Domain 2: Implementation and Integration (26%)

Bedrock Agents: Action Groups (Lambda functions) + Knowledge Bases + Prompt Templates + Session Management. Action Groups rely on OpenAPI (Swagger) schema uploaded to Amazon S3.

🧠 Memory Hook: Agent = "Brain (FM) + Hands (Action Groups) + Memory (Knowledge Bases)"

Model Context Protocol (MCP): Standardised interface (JSON-RPC 2.0 over HTTP or stdio) for agent-tool interactions. MCP servers via Lambda (stateless) or Amazon Elastic Container Service (Amazon ECS) (complex tools).

🧠 Memory Hook: MCP = "USB-C for AI agents, one plug fits all tools"

Agent Frameworks: Strands Agents, AWS Agent Squad, Amazon Bedrock AgentCore for autonomous systems with memory and state management.

Agent Memory: Short-term (chat history via Sessions and Events). Long-term (extracted insights, user preferences stored as Memory Records). AgentCore Memory provides scalable, serverless storage.

Multi-Agent Workflows: Orchestrator delegates subtasks to worker LLMs, Synthesizer combines results. Chain of Sequence (sequential) or Parallelisation (concurrent execution, voting).

🧠 Memory Hook: Multi-agent = "assembly line with a foreman (orchestrator) and workers"

Amazon Bedrock Flows: Multi-step workflow orchestration with visual builder or JSON. Chain models, prompts, and conditions.

Sync vs Async Inference: Sync for real-time (InvokeModel); async for batch/long-running (InvokeModelWithResponseStream).
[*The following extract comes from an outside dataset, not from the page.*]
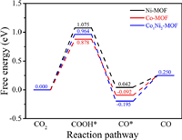 DFT calculations were further performed to understand the catalytic performance of Ni-MOF, Co1Ni2-MOF and Co-MOF for the conversion of CO2 to CO (Fig. S33 in Supporting Information). The proposed reaction pathways and the corresponding free-energy diagrams are shown in Fig. 4. First, the CO2 molecule undergoes a proton coupled electron transfer (PCET) process to form the COOH* intermediate (asterisk denotes an adsorption status), which is generally regarded as the rate-limiting step. The free energy change (∆G) for this step over Ni-MOF, Co1Ni2-MOF and Co-MOF is 1.075, 0.964 and 0.878 eV, respectively. The results demonstrate that Co-MOF and Co1Ni2-MOF have appropriate ∆G values in the rate-limiting step, while Ni-MOF exhibits a relatively higher ∆G value. Then, the COOH* intermediate undergoes the second PCET process, forming *CO and a H2O molecule. The ∆G values for this step over the three catalysts are negative (–1.033, –1.159 and –0.970 eV, respectively), indicating this step is spontaneous. Finally, the CO desorbs from the catalyst surface. For Ni-MOF, Co1Ni2-MOF, and Co-MOF, the CO desorption is slightly endothermic (0.208, 0.445 and 0.342 eV, respectively). Overall, the DFT calculations show that Co-MOF and Co1Ni2-MOF have better catalytic capacity for CO2 to CO conversion than Ni-MOF, which well supports the experimental results.

Amazon Simple Queue Service (Amazon SQS) for async patterns.

Step Functions: Complex multi-service workflows, human-in-the-loop, error handling, parallel processing.
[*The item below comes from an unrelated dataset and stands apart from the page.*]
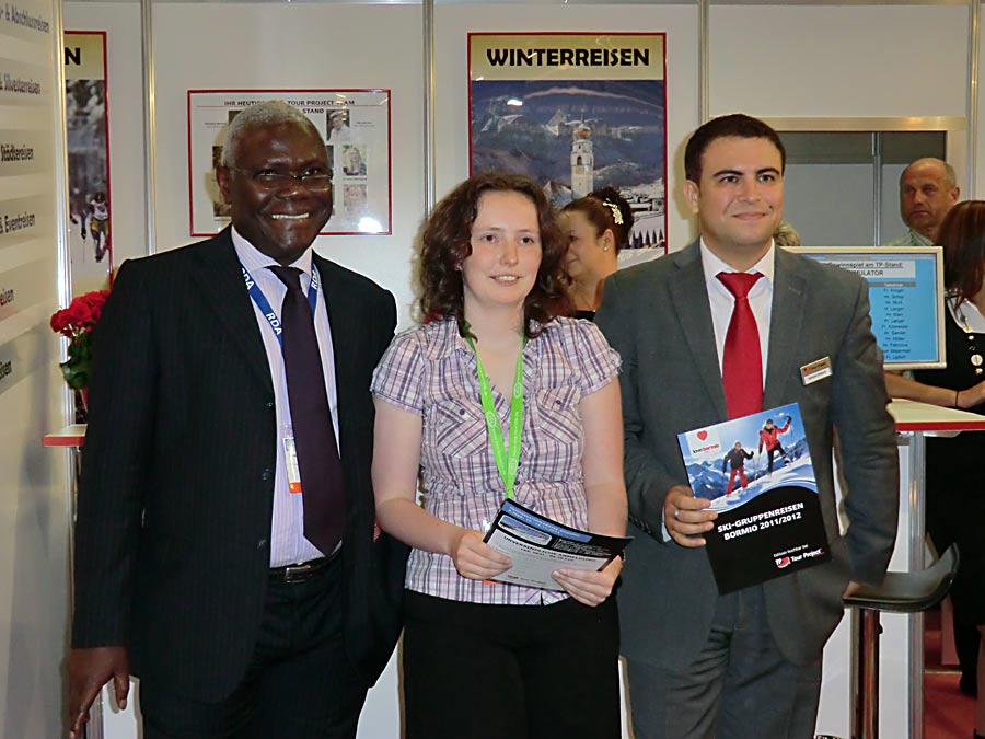 Anlässlich der Kooperation von Tour Project mit Bormio Reisen bezüglich Skigruppen-Reisen nach Bormio, sollten die Fachbesucher des diesjährigen RDA Workshops ihr Geschick beim Abfahrtski auf dem Ski-Simulator am Stand von Tour Project unter Beweis stellen. Auf die Gewinnerin des ersten Preises, Frau Krüger von Maass Reisen, wartet eine Informationsreise nach Bormio im November 2011.

⚠️ Exam Trap: Step Functions for complex orchestration; Bedrock Agents handle simple multi-step tasks automatically

API Patterns: REST (Amazon API Gateway), GraphQL (AWS AppSync with real-time subscriptions), WebSockets for streaming.

Resilience Patterns: Exponential Backoff for retries (AWS SDK built-in). Circuit Breaker pattern via Step Functions + Amazon DynamoDB. API Gateway rate limiting.
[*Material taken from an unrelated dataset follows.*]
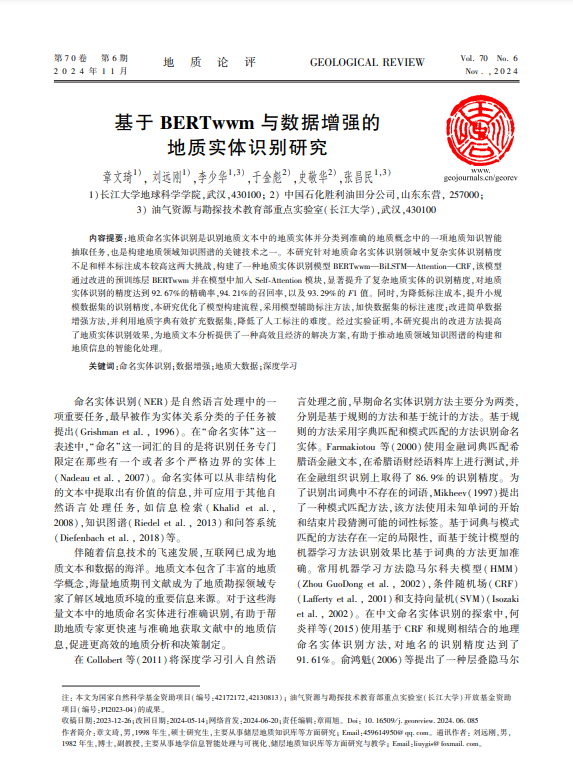 beats365官方网站刘远刚团队硕士研究生章文琦在《地质论评》发表了题为《基于BERTwwm与数据增强的地质实体识别研究》的研究论文,beats365官方网站为论文第一署名单位,章文琦为论文第一作者,其导师刘远刚为该文通讯作者。

🧠 Memory Hook: Circuit Breaker = "fuse box that trips before the whole house burns down"

AWS Cloud Development Kit (AWS CDK) / AWS CloudFormation: IaC for deploying GenAI stacks across environments. One CDK app + Stage construct per environment. Explicit env (account + region) per stack. Separate AWS accounts per environment.

⚠️ Exam Trap: Omitting env triggers environment-agnostic synthesis, breaking context lookups
🧠 Memory Hook: "One blueprint, multiple construction sites"

Continuous Integration / Continuous Delivery or Deployment (CI/CD) + AWS CodeDeploy: Canary, blue/green, rolling deployments for Lambda and compute targets.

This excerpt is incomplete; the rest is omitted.